Imagine you have a Products table and you want to keep a search index in Amazon OpenSearch Service up to date. You can use a DynamoDB Stream to trigger a Lambda function that replicates the changes.

  1. Enable the Stream: In your Products table settings, enable DynamoDB Streams. A common configuration is New and old images, which provides both the new version of the item and its previous version in the stream record.

  2. Create a Lambda Function: Write a Python Lambda function to process the stream records.

    import json
    
    def handler(event, context):
        """Processes DynamoDB stream records and replicates them."""
        for record in event['Records']:
            if record['eventName'] == 'INSERT' or record['eventName'] == 'MODIFY':
                # Get the new item image from the stream record
                new_image = record['dynamodb']['NewImage']
                
                # In a real application, you would deserialize this 
                # and index it in your OpenSearch cluster.
                print(f"Indexing item: {new_image}")
                
            elif record['eventName'] == 'REMOVE':
                # Get the old item's keys to delete it from the index
                old_keys = record['dynamodb']['Keys']
                print(f"Deleting item from index: {old_keys}")
    
  3. Configure the Trigger: In the Lambda console, add a trigger and select your DynamoDB table's stream as the source.

Now, every time a product is created, updated, or deleted in your Products table, your Lambda function will be invoked almost instantly, keeping your search index perfectly in sync.

What is Time To Live (TTL)?

Time To Live (TTL) is a mechanism that allows you to define a per-item timestamp to determine when an item is no longer needed. DynamoDB will automatically delete items from your table once their specified TTL timestamp has expired, at no extra cost.

This is perfect for managing transient data like session state, temporary caches, or logs.

How to Use TTL

  1. Enable TTL on a Table: In your table settings, enable TTL and specify the attribute name that will hold the expiration timestamp (e.g., ttl).

  2. Set the TTL Attribute: When you write an item to the table, add an attribute with the name you specified. The value of this attribute must be a Unix epoch timestamp in seconds.

    import boto3
    import time
    from datetime import datetime, timedelta
    
    dynamodb = boto3.resource('dynamodb')
    table = dynamodb.Table('MySessionTable')
    
    # Set the item to expire in 1 hour
    expiration_time = int((datetime.now() + timedelta(hours=1)).timestamp())
    
    table.put_item(
        Item={
            'sessionId': 'session-abc-123',
            'username': 'eric.wilson',
            'ttl': expiration_time
        }
    )
    

DynamoDB's TTL process typically deletes expired items within 48 hours of expiration. It's a background process, so it's not instantaneous.

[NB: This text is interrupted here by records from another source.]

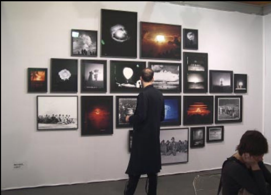
Naprawdę mocne uderzenie. Zdjęcia Michela Lighta próbnych wybuchów bomb atomowych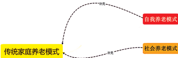
图1 三种养老模式逻辑关系

农村牧区是指以畜牧业和传统农业生产为主的地区。内蒙古农村牧区的养老模式体现了传统与现代的融合。由于经济发展水平和资源限制,牧区农村养老资源选择相对单一,且与城市和内地农村存在显著差距。受传统文化和社会结构的影响,家庭养老模式在牧区农村仍占主导地位。然而,随着社会经济发展和人口老龄化问题的加剧,社会养老和自我养老可在一定程度上对传统家庭养老模式进行补充,如图1所示。社会养老涉及社会服务和政府支持,而自我养老则依赖于个人经济独立性和健康状况。综上所述,内蒙古牧区农村地区的养老模式的发展正处于传统与现代交织的转型期。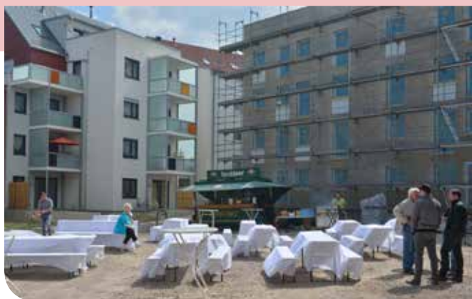
Das Brühlkarree erwartet seine Gäste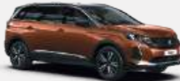
חום מטאלי METALLIC COPPER | LGM0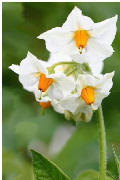
Slika 4. Cvijet krumpira

Cvjetovi se razvijaju na vrhu stabljike, na razgranatom dršku. Cvijet ima 5 sraslih lapova, 5 latica koje su srasle, a vrhovi su im slobodni, 5 međusobno sraslih prašnika i jedan tučak. Krumpir je samooplodan, ali može biti i stranooplodan (Buturac, 2002.).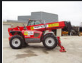
Manitou MT 1435 Telestapler 14m/3,5Tonnen - 2006/7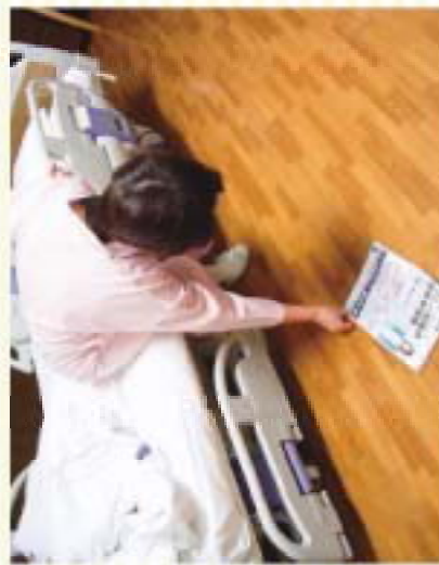
「あー、もうちょっとは看護です」

ゆっくりとした動作、安定した姿勢をとってから動く、体の支えを確保して動く、などをお勧めします。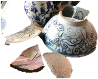
ภาพที่ 32 เครื่องถ้วยชามของจีน สมัยราชวงศ์หมิง

เครื่องประดับประกอบด้วย สร้อยคอ ต่างหู กำไลข้อมือและกำไลข้อเท้า โดยจินตนาการจากกำไลสำริดที่ขุดพบและเครื่องประดับสมัยอยุธยาที่มีความเจริญทางด้านศิลปะเป็นต้นแบบในยุคต่อ ๆ มา ดังภาพที่ปรากฏ

Combining Streams and TTL for Powerful Patterns

Here's where things get interesting. When TTL deletes an item, the deletion event is published to the table's DynamoDB Stream. This allows you to take action when an item expires.

A classic use case is data archival. Imagine you want to keep your hot data in a DynamoDB table for 90 days and then archive it to S3 for long-term storage.

  1. Set a ttl attribute on your items to 90 days in the future.
  2. Enable a DynamoDB Stream on your table.
  3. Create a Lambda function that is triggered by the stream.
  4. In the Lambda function, check if the event is a REMOVE event and if the user identity in the record is dynamodb.amazonaws.com. This indicates the deletion was performed by the TTL service.
  5. If it was a TTL deletion, take the OldImage from the stream record and write it to an S3 bucket.

This pattern creates a fully automated, serverless archival system with minimal code and no maintenance.

Conclusion

DynamoDB Streams and TTL transform your database from a passive data store into an active, event-generating engine. By leveraging these features, you can build sophisticated, real-time, and event-driven systems for a wide range of use cases—from data replication and archival to complex business workflow automation—all in a completely serverless fashion.